Un film choc : c'est violent, flippant, malsain, mais impressionnant d'efficacité jusque dans l'excès et le mauvais goût. Cette fable sur les laissés pour compte de la célébrité n'exprime certes pas grand chose, et sa portée sociale ou morale est sans doute limitée. Mais Aldrich nous assène une mise en scène coup de poing, constamment maîtrisée. Le film est imprévisible, alternant affrontement psychologique et suspense pur, humour macabre et terreur. Le scénario, plus malin qu'il n'y parait, fait à juste titre intervenir des personnages extérieurs pour éviter l'ennui. Enfin, le duo d'actrices est impressionnant. Bette Davis est certes terrifiante, mais c'est Joan Crawford qui m'a le plus marqué dans un rôle émouvant et très difficile.

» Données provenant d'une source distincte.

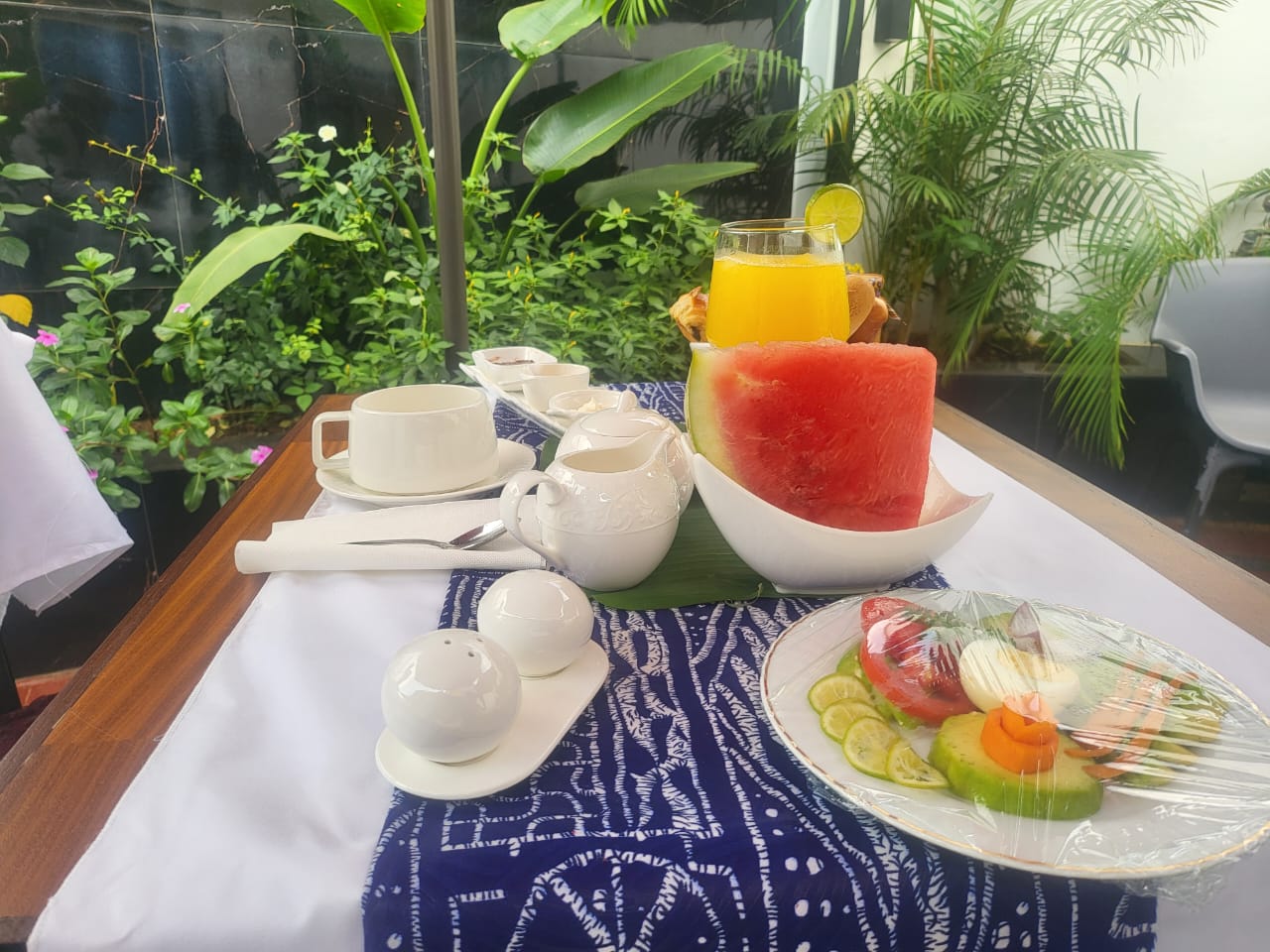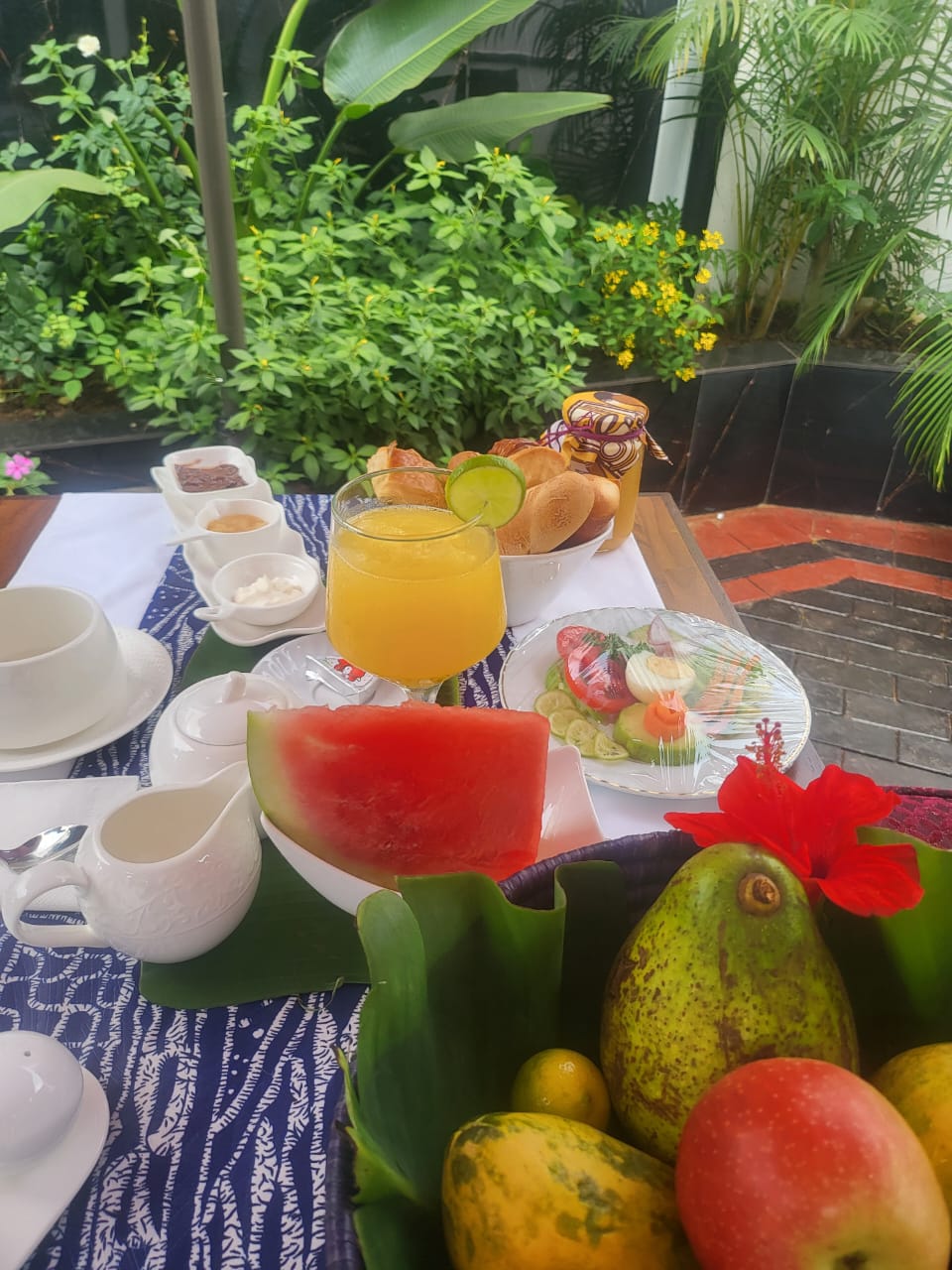 Le petit déjeuner est servi de 7h30 à 11h dans la salle de notre restaurant. Vous aurez le choix entre divers pains et viennoiseries, confitures, beignets, mets locaux… Le tout, à déguster en intérieur ou en extérieur, selon vos envies.

Drame psychologique qui rappelle "Sunset Boulevard" ( actrice célèbre oubliée en quète d' un retours au premier plan, montée dans la folie du personnage principale), le film ajoute à cela le thème de la jalousie fraternel . La mise en scène d' Aldrich ( qui réalisa par la suite "Les 12 salopards") exploite très bien le cadre presque unique du film .Les deux actrices sont parfaites dans leurs roles. Seule petit défaut: les scènes "choc" sont très téléphonées : spoiler: la séquence ou Jane amène le plateau du déjeuner à sa soeur, et s' en va en ajoutant qu' elle a vu des rats dans la cave . Gros plan sur le visage angoissée de Blanche, musique derrière... et bien évidemment que voit elle en soulevant le couvercle du plat ? .... Un rat, étonnant non ? (comme dirait Desproge)

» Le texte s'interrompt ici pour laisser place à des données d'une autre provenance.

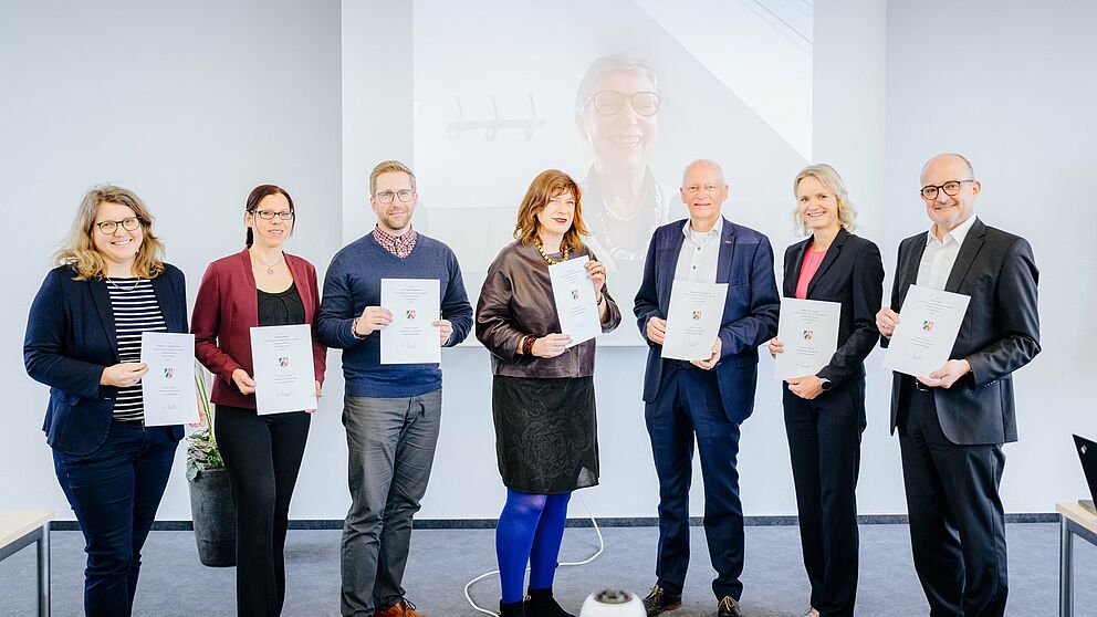 Foto (Universität Paderborn, Besim Mazhiqi): In der konstituierenden Sitzung wurden die Mitglieder des Hochschulrats mit der Übergabe der Urkunden durch das Ministerium für Wissenschaft und Kultur NRW in den Hochschulrat bestellt. (v. l.) Prof. Dr. Christine Silberhorn, Dr. Doreen Hartmann, Dr.-Ing. Steffen Jesinghausen, Dr. Dagmar Simon (Vorsitzende), Prof. Dr. Rita Burrichter, Prof. Dr. Jürgen Brautmeier, Prof. Dr. Urška Kosi und Andreas Speith. (Nicht im Bild: Prof. Dr. Holger Karl)

Le film vaut aussi pour la forme de mise en abime des 2 actrices : stars d' avant guerre sur le déclin et qui se détestaient dans la vie réelle
Un film où la réalité dépasse la fiction (cherchez donc quelques anecdotes et vous verrez !). Le duel d'actrices est asphyxiant, la tension est à son comble jusqu'à la fin, mais c'est pour le bien du spectateur. De plus, un magnifique second rôle masculin vient agréablement apporter un peu d'humour anglais dans un film où l'humourisme règne. Chez Aldrich, on loue toujours l'interprétation mais jamais la réalisation. Classique jusqu'au bout de l'objectif, c'est pourtant grâce à lui que tout ce petit monde est réuni, que le ton est aussi fort, que le décor est aussi bien placé.